For decades, Kraft workers in the US have been downsized, subcontracted and outsourced out of their jobs, as Kraft responds to every pending investor call and quarterly report with new announcements of layoffs and closures. When they hear “growth”, they know what to expect. But the Cadbury Somerdale story is not unique in the UK, or at Kraft Europe.

The GMB union officer who negotiated the closure of the Terry’s plant called it “death by stealth”, recalling that ” We were being told privately by Kraft that they were looking for a more adaptable site in York. It transpired that they were always planning to move production to Eastern Europe.”

Kraft built its European expansion on the 1990 acquisition of Jacob Suchard and the takeover of Scandinavian confectioner Freia Marabou three years later. Since Freia Marabou was registered in Norway, Kraft was legally obliged to spell out its business plan in order to gain government approval.

So to do the deal Kraft made explicit commitments to maintain the company’s 5 product categories.
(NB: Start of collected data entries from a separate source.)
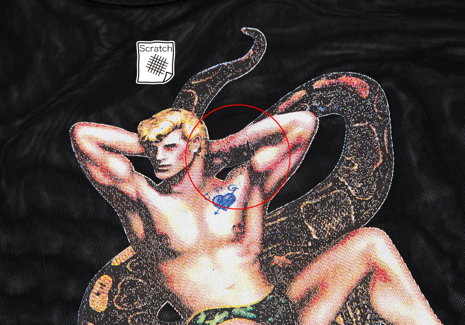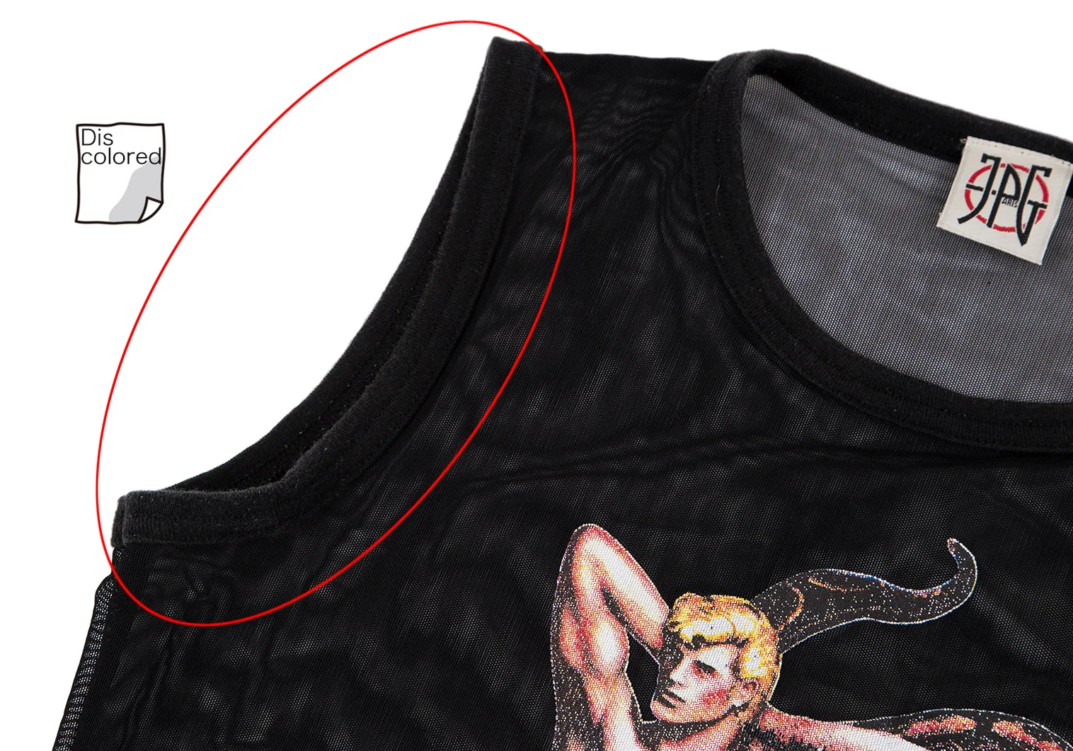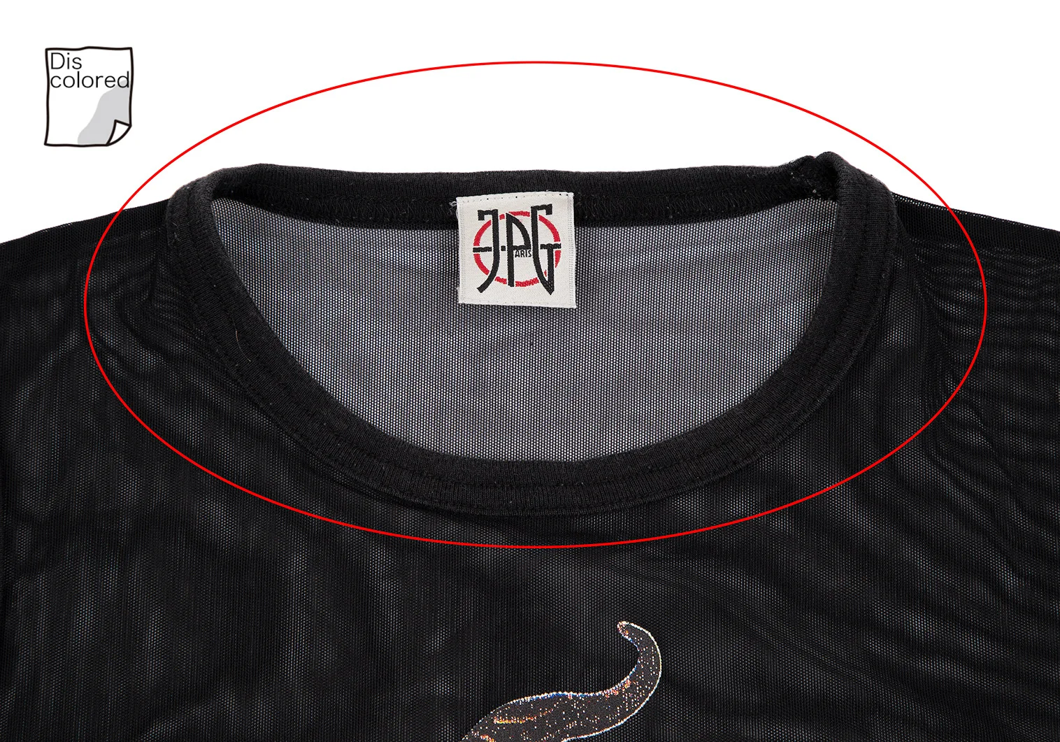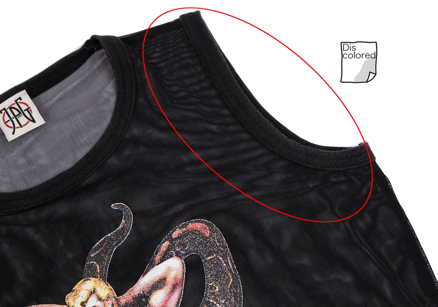 透け感があります。プリントに剥がれ、襟・アームホールに色褪せ、裾ステッチ切れがあります。(写真参照)その他目立ったシミ、汚れ、ほつれ等はありません。クリーニング済み
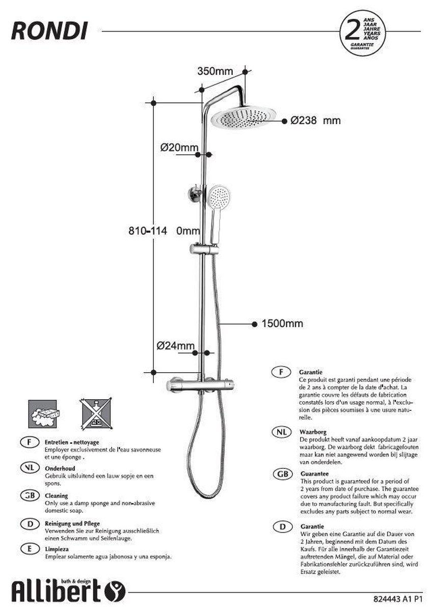 Wacht niet te lang met investeren in uw comfort. De Allibert Rondi Douchekolom wordt geleverd met een fabrieksgarantie van maar liefst 10 jaar, waardoor u verzekerd bent van kwaliteit en vakmanschap. Reparaties worden afgehandeld via carry-in service, zodat u snel weer kunt genieten van een heerlijk warme en ontspannen douche.
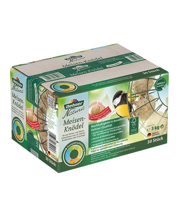 Sie erhalten das Dehner Natura Wildvogelfutter Meisen-Knödel ohne Netz in einem FSC-zertifizierten Karton aus verantwortungsvoller Produktion, der wie das Klebeband recycelbar ist. Da auch der Innenbeutel zu 100 % recycelbar ist, entscheiden Sie mit diesem Vogelfutter für Wildvögel nicht nur für ein bewährtes Produkt, sondern zugleich für ein umweltfreundliches. Noch ein Qualitätsmerkmal: Die Meisenknödel ohne Netz von Dehner Natura werden in Deutschland hergestellt und sind außerdem Ambrosia kontrolliert.
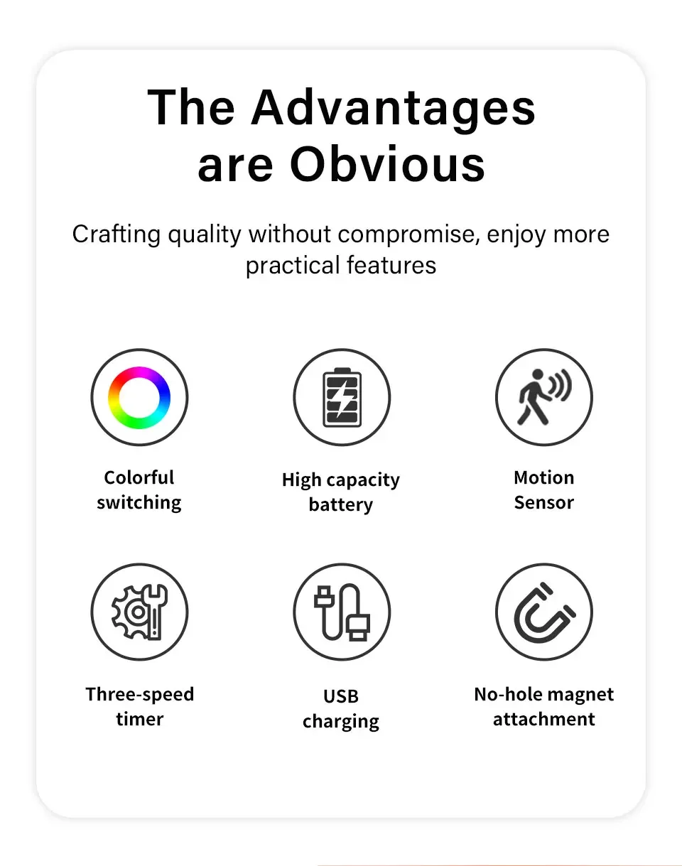 * Intelligent Detection: motion sensor, when detecting motion in the dark, it will automatically light up for 15 seconds and then turn off automatically.
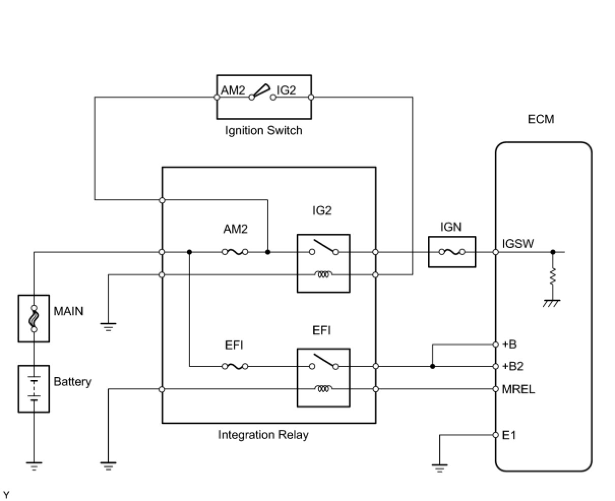When the ignition switch is turned to ON, the battery voltage is applied to the IGSW of the ECM. The output signal from the MREL terminal of the ECM causes a current to flow to the coil, closing the contacts of the integration relay (EFI relay) and supplying power to terminals +B and +B2 of the ECM.
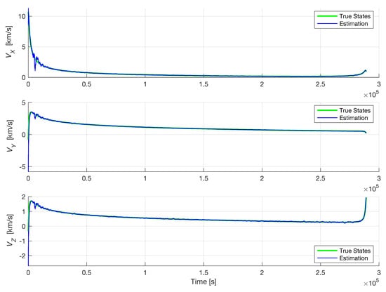 The velocity estimation results obtained by the EKF are presented in Figure 5. The estimated velocity aligns well with the true velocity states over the trajectory. This indicates that the EKF effectively utilized the measurements and the trajectory model to produce consistent velocity estimations. However, in the interval with the increased measurement error variance due to approaching an anti-parallel alignment in the LoS vectors, the velocity estimations exhibited fluctuations from the true values.
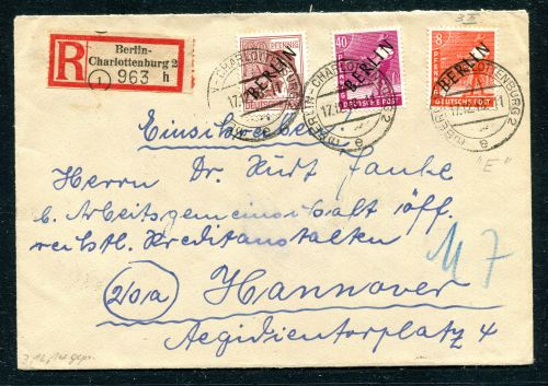 1948 Mi.Nr. 8II, 12, 14, , , MiF, Schwarzaufdruck, R- Brief ab Berlin Charlottenburg 2, vom 17.12.48 nach Hamburg. 8 Pfennig mit Plattenfehler, geprüft "SCHLEGEL BPP".
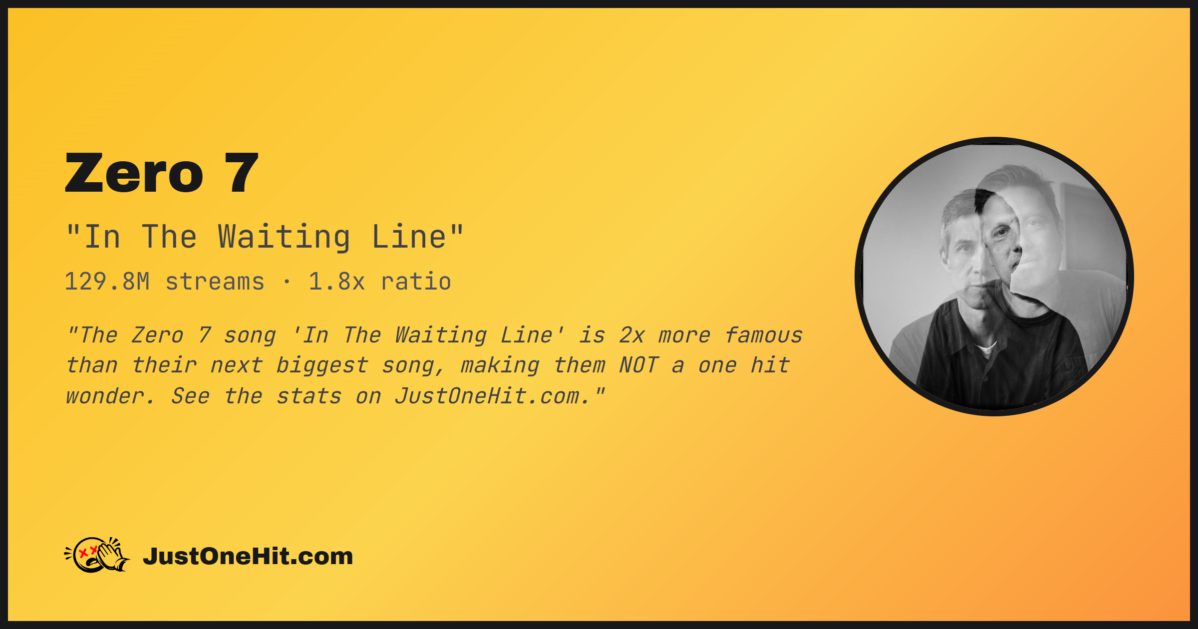 "The Zero 7 song 'In The Waiting Line' is 2x more famous than their next biggest song, making them NOT a one hit wonder. See the stats on JustOneHit.com."
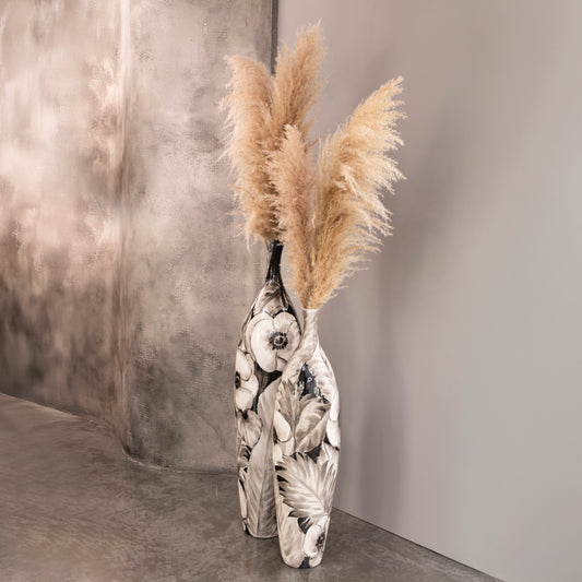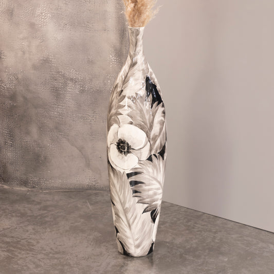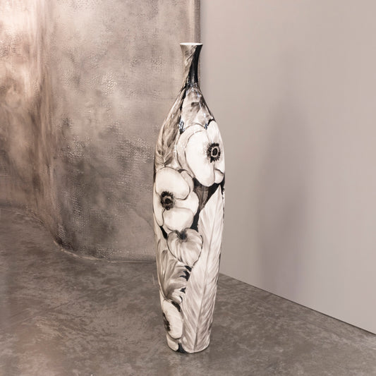 Siyah Çiçek Desenli Büyük Vazo 24,5X108 cm
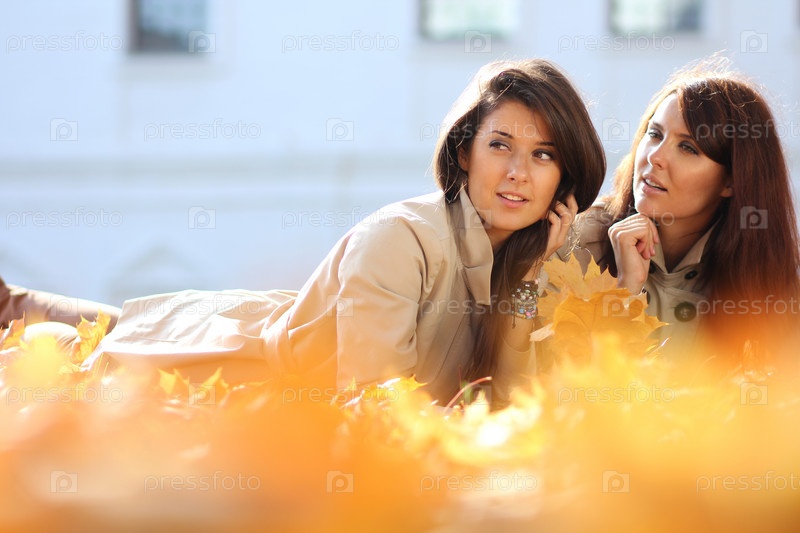 Привлекательные девушки лежат в осенней листве
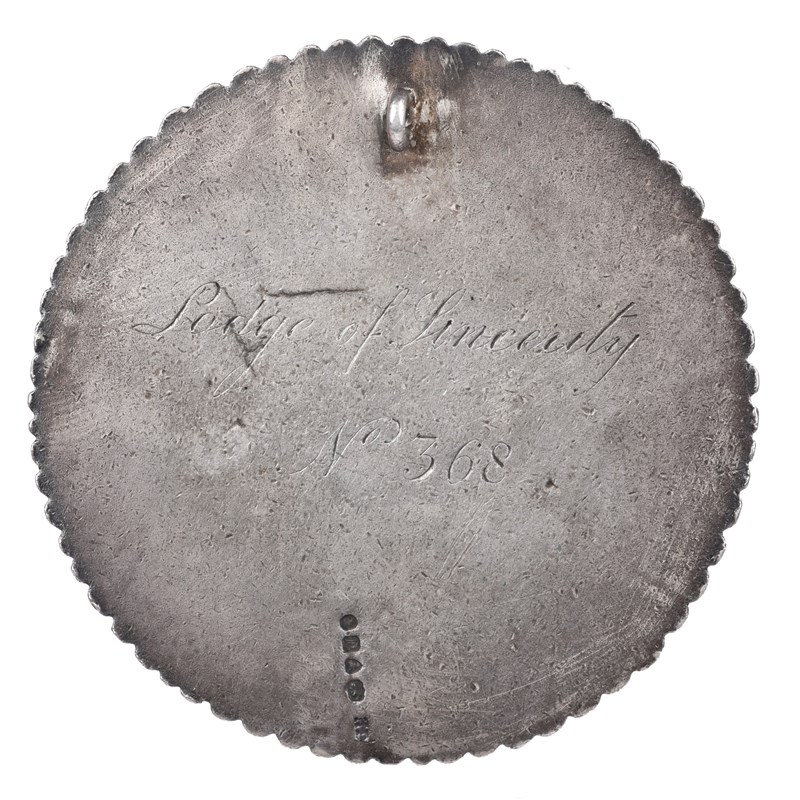 Freemasonry: a Victorian Officer's or Steward's silver Jewel for the Lodge of Sincerity No 368, circular form 69mm, applied compasses and cornucopia to a radially fluted ground, rev. engraved with lodge title in running script, London 1854, good very fine or better.
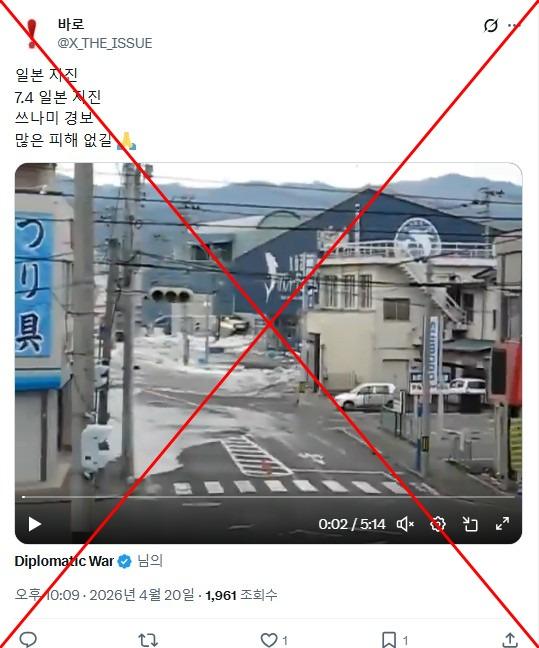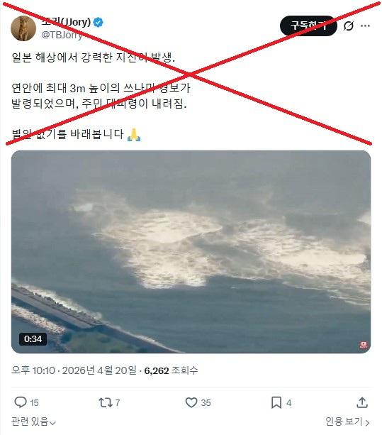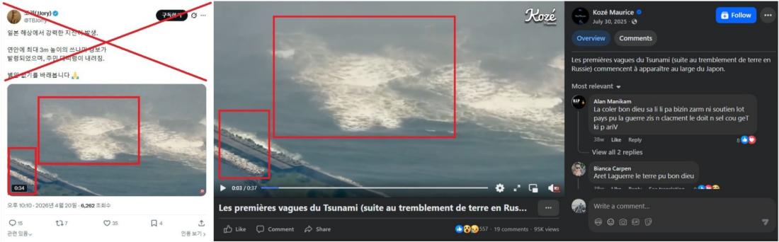2026년 4월 20일 지진과 쓰나미 발생 당일, 한 X (구 트위터) 사용자는 “연안에 최대 3m 높이의 쓰나미 경보가 발령" 되었다는 글과 함께 한 영상을 공유했다. 해당 영상은 높은 파도가 해안 쪽으로 거칠게 밀려오는 모습을 담고 있다.
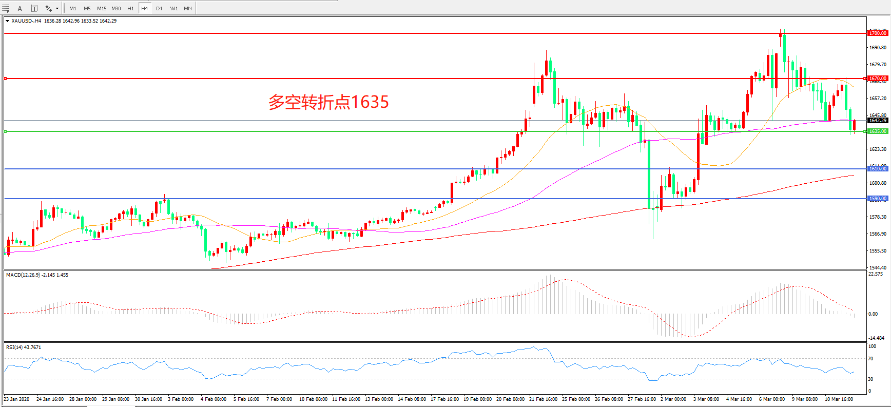 周三(3月11日),美国总统特朗普表示,他将要求国会采取削减工资税和其他“非常重大”的刺激措施,美元受此提振,绝地反弹,金价大幅回落,收报1640.50美元/盎司。
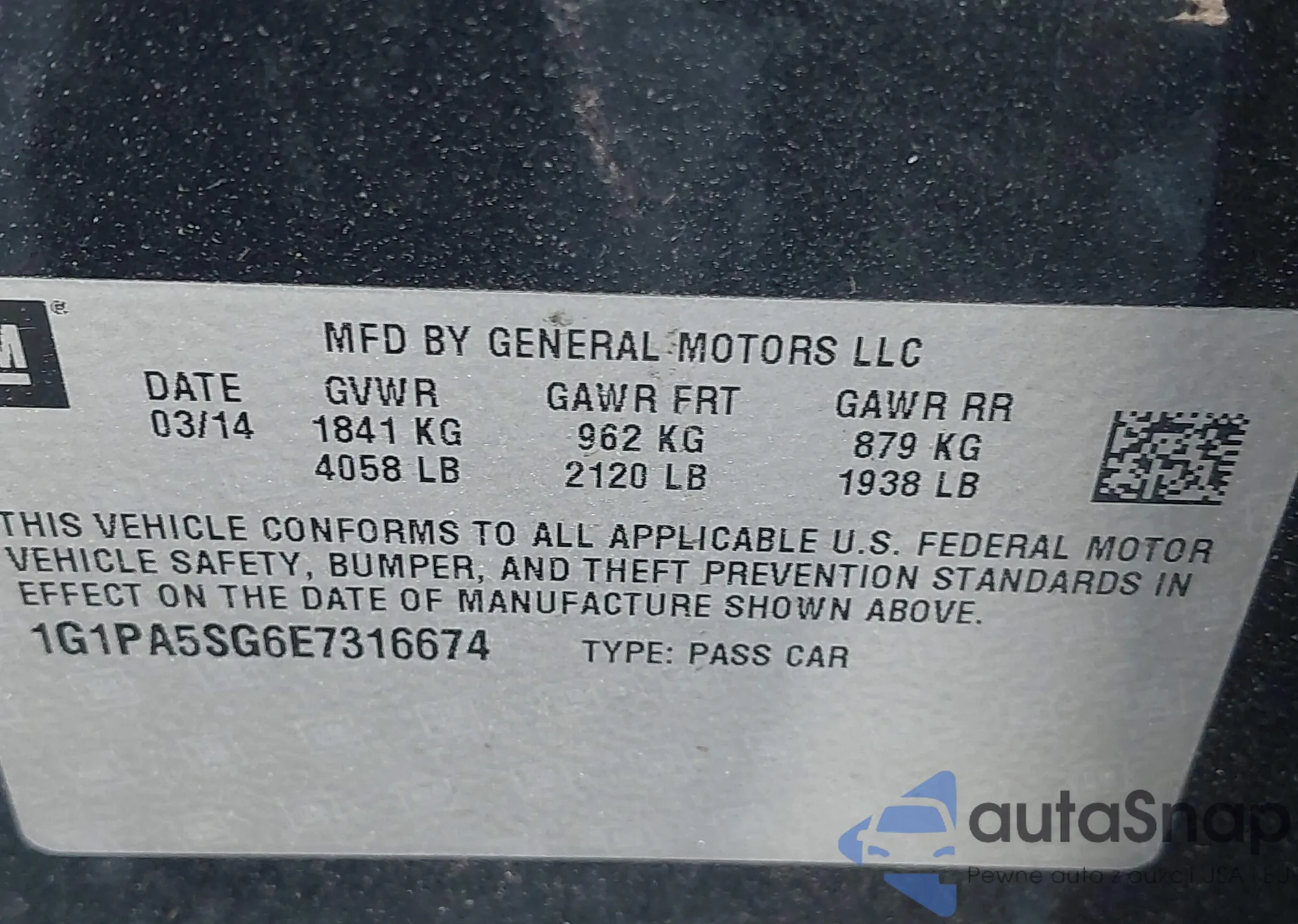 LOT: 42228080 VIN: 1G1PA5SG6E7316674

In rapid succession, these were sold off, outsourced or transferred abroad; today only chocolate remains. Kraft stated that a key reason for the acquisition was to increase the volume of chocolate production; it was steadily whittled down through production transfers and subcontracting. The Nordic head office was to remain in Oslo; it was quickly moved to Stockholm. Kraft promised to safeguard company tradition and culture; it has been processed like cheese spread beyond recognition.

Of course Kraft always cited, and continues to cite, changing circumstances for these sudden about-turns. When now ex-Cadbury Chairman Roger Carr announced on January 19 that the price was right for Cadbury to sell he belatedly discovered Kraft’s commitment to  “our heritage, values and people throughout the world” just 5 days after publicly deriding the company as an underperforming “unfocused conglomerate.”  Circumstances clearly had changed. But Carr could cash in his stock options and bonuses and move on. Kraft workers have no such options, and are understandably anxious about their position within a company whose acquisition bulimia has left it heavily in debt and with little credibility when it comes to something as essential as… trust.

When Kraft bought Danone’s European biscuit business, Rosenfeld announced they were financing the acquisition by taking on new debt in order to continue using cash to fund the share buyback program. Choking on debt, Kraft had to put the buybacks on hold. Kraft invested heavily in reaching out to investors to convince them the company was healthy (and laid off additional thousands to show its commitment to “shareholder value”). The investors remain unconvinced, but at least they get their conference calls. Unite couldn’t get a meeting – and Kraft has rejected calls by unions around the world to meet with them and the IUF as their global counterpart.

The Somerdale lesson won’t be easily forgotten. Kraft would be well advised to consider that trust is indeed essential for healthy industrial relations, and that it requires more than Kool-Aid and not-so-Krafty lies.